The Minister for Youth Affairs and Civic Education has recently taken serious sanctions against some erring members of staff of the ministry.
The worrying thing about this development is the fact that those sanctioned are senior officials occupying senior-level positions and who should serve as an example for many to follow.
Moreover, they are all being booked for playing hanky-panky with public funds, as if unaware of the government resolve taken a few years ago by the Head of State to secure the rare government treasury resources by sending to jail all those guilty of playing around with state funds.
The Minister formally removed them from the positions they held, but one can imagine that there is still much to come by way of judiciary enquiries which, if conclusive, can see these people going to jail.
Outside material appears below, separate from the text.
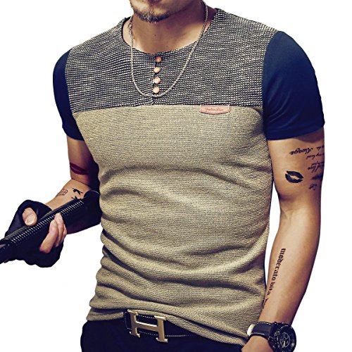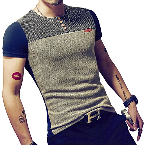 LOGEEYAR Mens Premium Fitted Short-Sleeve Contrast Color Stitching T-Shirt (M, Navy Blue)

Another disturbing thing about these cases of embezzlement is the fact that they were carried out by the same people supposed to be addressing youth problems and when one knows – not even better than the accused – how worrying are youth problems in the country, one can only doubt further about the unpatriotic nature of the acts posed by these reckless office holders.
It is almost as if one is given food to take to hungry children and before the hungry children, the messenger eats the food, further exacerbating the anger of the children. These civil servants are all of the ministry and obviously know how serious youth unemployment is as a national problem requiring the utmost answers.
Could it be that, as public perception has it, that the current fight against graft is only limited to officials of the higher rungs of the State’s administrative and political hierarchy? Probably so, because so far the best cases of those booked for embezzlement have been from this select class.
But even then there are lots of other cases that go unnoticed probably because they do not necessarily attract the media interest generated by the catch of “big fish”.
May be the decision by the Minister for Youth Affairs should sound like a warning bell to those who think it is the neighbour operating in wrongdoing.
The fight against corruption is a robust cooperation to rid our nation of greedy and unpatriotic citizens who care very little about using the rare resources at the nation’s disposal for such general interest projects as schools, hospitals, roads and other infrastructure.
As President Paul Biya noted in Kribi during the laying of the foundation stone for that city’s deep sea port in October 2011, each time a public official steals money, each citizen should feel concerned because it is all our money which could have been used for vital and, sometimes life-saving development projects, that is stolen.
The Minister’s decision must be particularly praised. Other colleagues in government ought to do same because all too often, the general feeling is that, in spite of all the powers they wield Ministers do not act with the required promptitude to ensure that vote-holders fear mistaking government money for theirs!
If there were a generalized approach to tracking culprits, the practice of stealing government money will end or, at least see some regression.